**What to produce**
Reproduce the whole listing word for word. Leave every image out.

[Data to process]

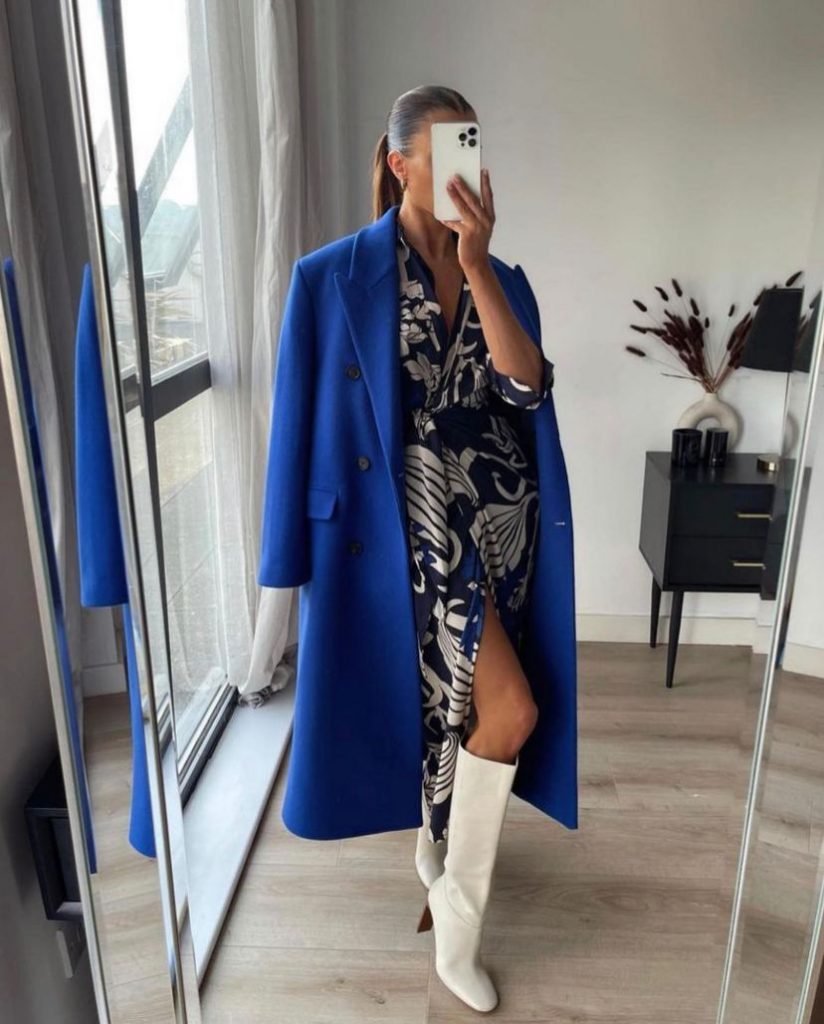 За последние несколько недель всю ленту Instagram заполнили фотографии пальто синего оттенка. It-girls предлагают носить тренд с кожаными черными брюками и базовой футболкой, высокими сапогами или платьем миди.
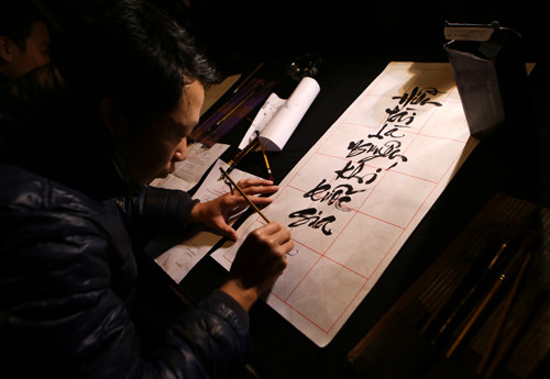 Thí sinh Hà Huy Long đang dự thi thư pháp Tiếng Việt.
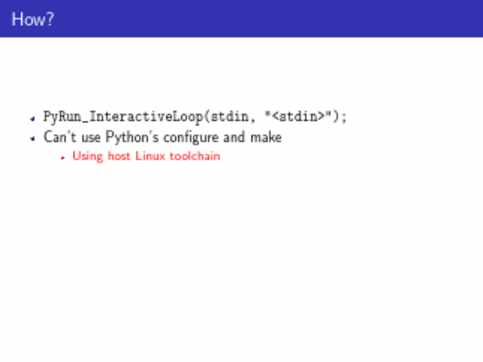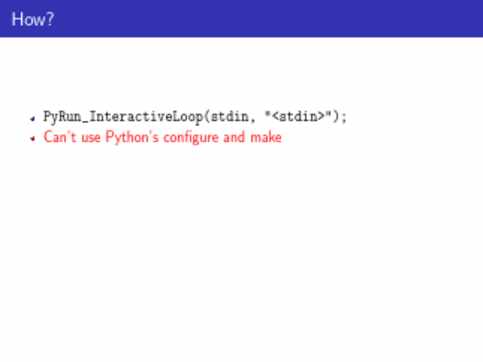 PyRun_InteractiveLoop(stdin, "<stdin>"); Can’t use Python’s configure and make
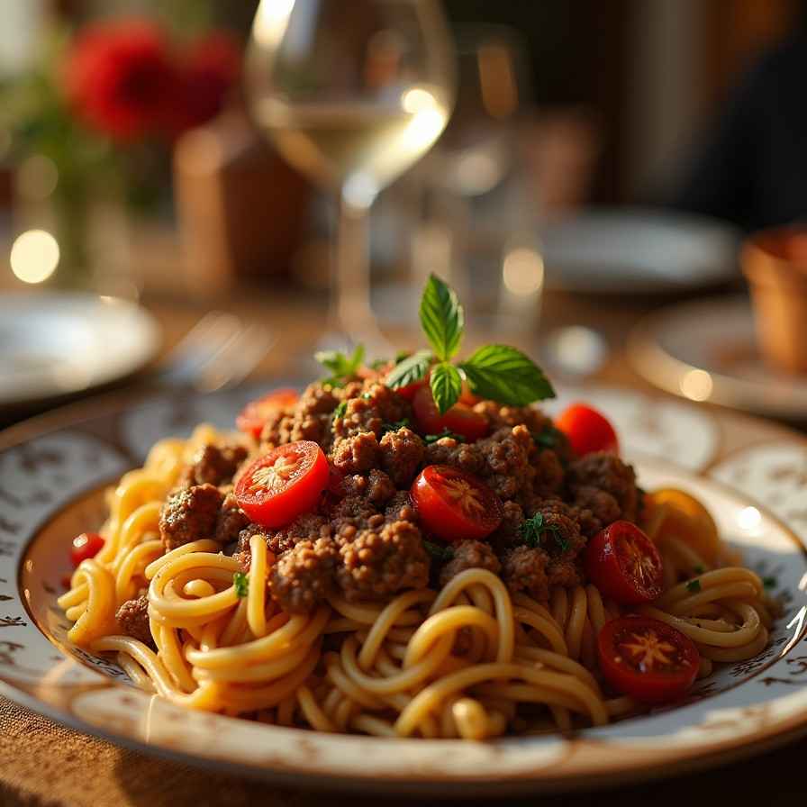 Cook the pasta separately, brown the beef with vegetables, simmer in tomato sauce, and combine everything until well mixed and flavorful.
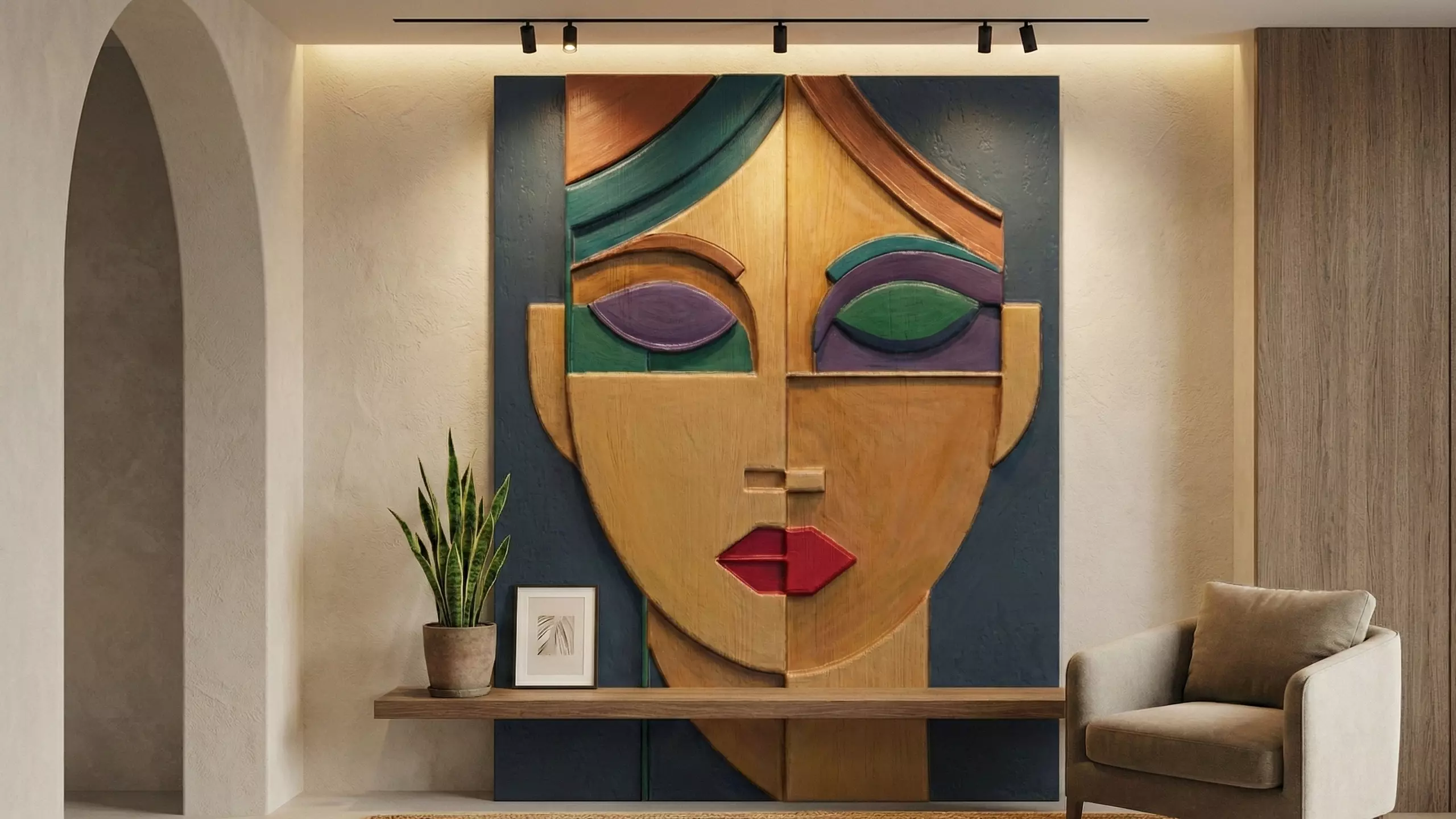 While the geometry itself provides deep, sculptural shadows, this piece is specifically designed to be a canvas for color. The distinct separated zones (eyes, lips, facial planes) make it easy to mask and paint, allowing you to recreate the vibrant stained glass or wood mosaic look shown in the renders.
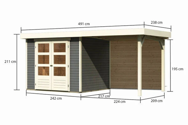- Artikelbezeichnung: Askola 3 im Set mit Anbaudach 2,40 m Breite und 19 mm Rückwand

[/Data to process]

**Result**
 За последние несколько недель всю ленту Instagram заполнили фотографии пальто синего оттенка. It-girls предлагают носить тренд с кожаными черными брюками и базовой футболкой, высокими сапогами или платьем миди.
 Thí sinh Hà Huy Long đang dự thi thư pháp Tiếng Việt.
 PyRun_InteractiveLoop(stdin, "<stdin>"); Can’t use Python’s configure and make
 Cook the pasta separately, brown the beef with vegetables, simmer in tomato sauce, and combine everything until well mixed and flavorful.
 While the geometry itself provides deep, sculptural shadows, this piece is specifically designed to be a canvas for color. The distinct separated zones (eyes, lips, facial planes) make it easy to mask and paint, allowing you to recreate the vibrant stained glass or wood mosaic look shown in the renders.
- Artikelbezeichnung: Askola 3 im Set mit Anbaudach 2,40 m Breite und 19 mm Rückwand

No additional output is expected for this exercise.